Now, I don’t think the only way to be a great painter is to cut your ear off, that melody must arrive from pain, that literature only flows from broken, bearded, drunken angst. There are better ways that aren’t cliches. But it’s hard work. There is no way around that part. There will be sacrifice and tears, and hopefully we learn from the experience and get better at what we do. Maybe that’s part of the refining process, the purification of our creative souls.
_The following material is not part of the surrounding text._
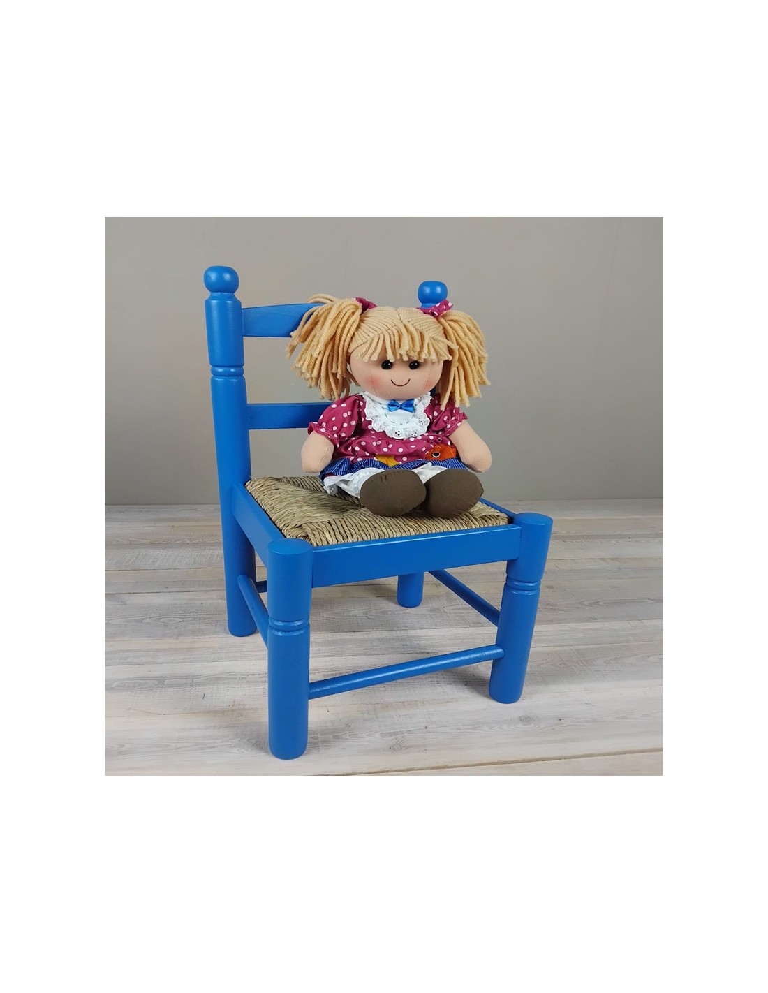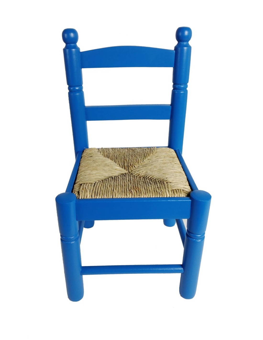 Cadira infantil de fusta massissa de pi pintada a mà de color blau, amb seient tradicional d'ania. Perfecta perquè els més petits pintin, llegeixin o juguin. Fabricada de manera artesanal amb pintura a l'aigua.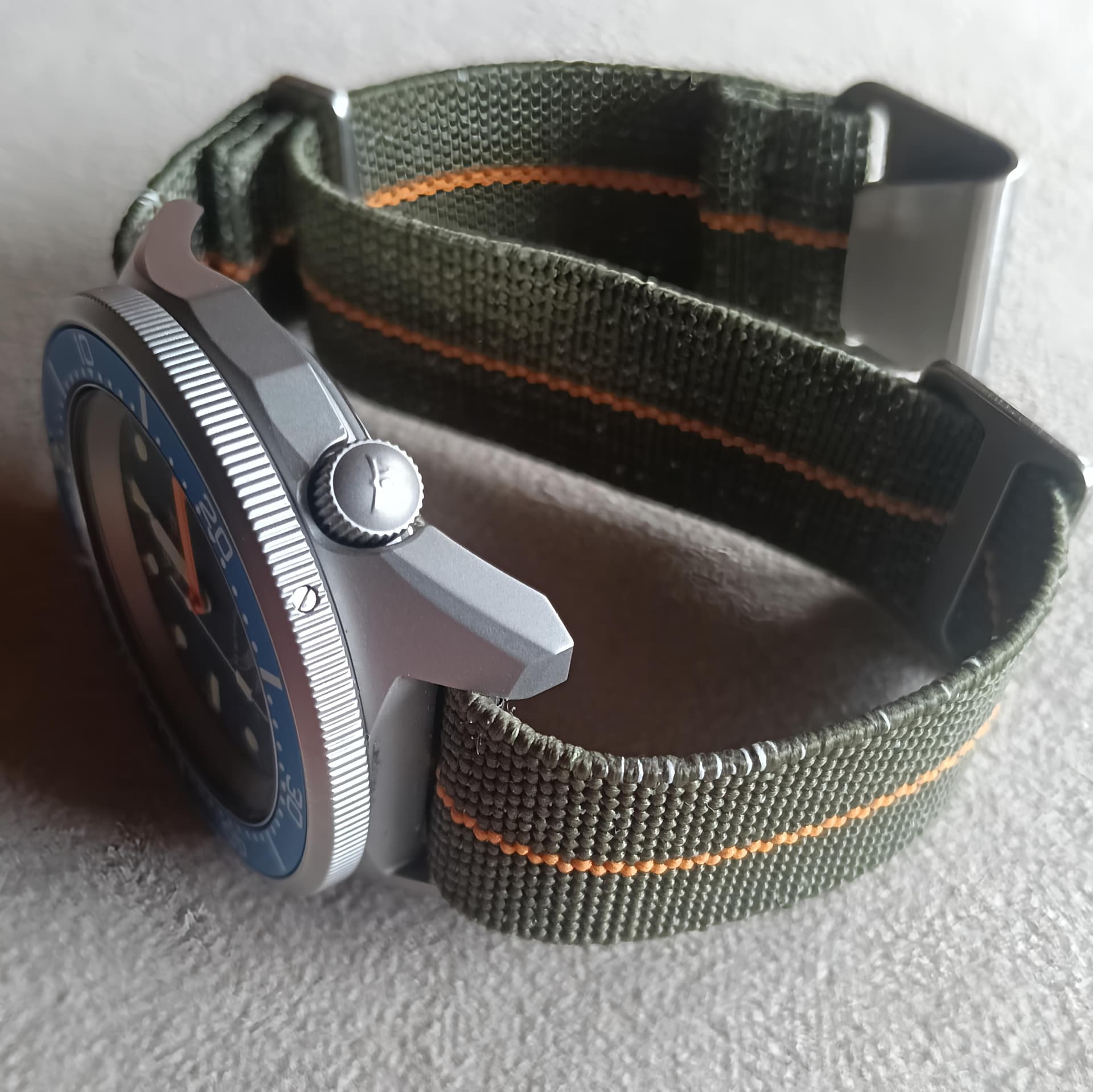 Nu is de bandaanzet 22mm en dat vind ik eigenlijk alleen mooi werken als een band een taper heeft. Een lichte (zandkleurige?) band in de tint van de indices lijkt me mooi. Maar ik heb Gemini wat opties laten maken, zie hieronder. Mesh lijkt me ook mooi, maar is denk ik lastig te vinden met taper. Perlon is een optie. Nato ook, maar dan eerder single pass om het horloge niet te hoog te maken. Rubber kan, met een voorkeur voor tropic. Kortom, keuzes keuzes. Ik denk dat ik eerst de kleur moet bepalen en daarna pas het materiaal. En ik hoop op wat inspiratie of advies hier ![]()

It’s hard. But we choose to pursue the life of the artist, and we can only hope that what we love chooses us. The legendary songwriter Harlan Howard, whom I had the privilege of knowing, told a writer who was whining about the music business “Well, nobody asked you to move to Nashville.” Those words sting me when I realize I’m slipping into complaint mode. That’s right, Harlan. Nobody asked me to become a writer. I may feel called to do it, but in the end, it’s my choice, and the time, loves, and brain cells I’ve squandered along the way are a consequence.

 

I do not understand the writer who does not read, the painter who does not see, the musician who will not listen, or the artist who does not live. There is glory in it, earned joy which is the process and the product, but not the recognition or fame. We writer types often equate the glory with adulation and miss out on the glory of life. Like a hiker so fixated upon reaching the summit, he walks  through the golden October woods, missing the grandeur of the low clouds blanketing the slopes and ridges, ignores the green smell of hope and mountain, and the trail itself, undulating, rocky, muddy, and wonderful. If we are focused on the peak, we miss the path. I’ve climbed many mountains, but the best views are usually from the ridges and valleys. The peak is often shrouded in the mist, and it’s really just another rock.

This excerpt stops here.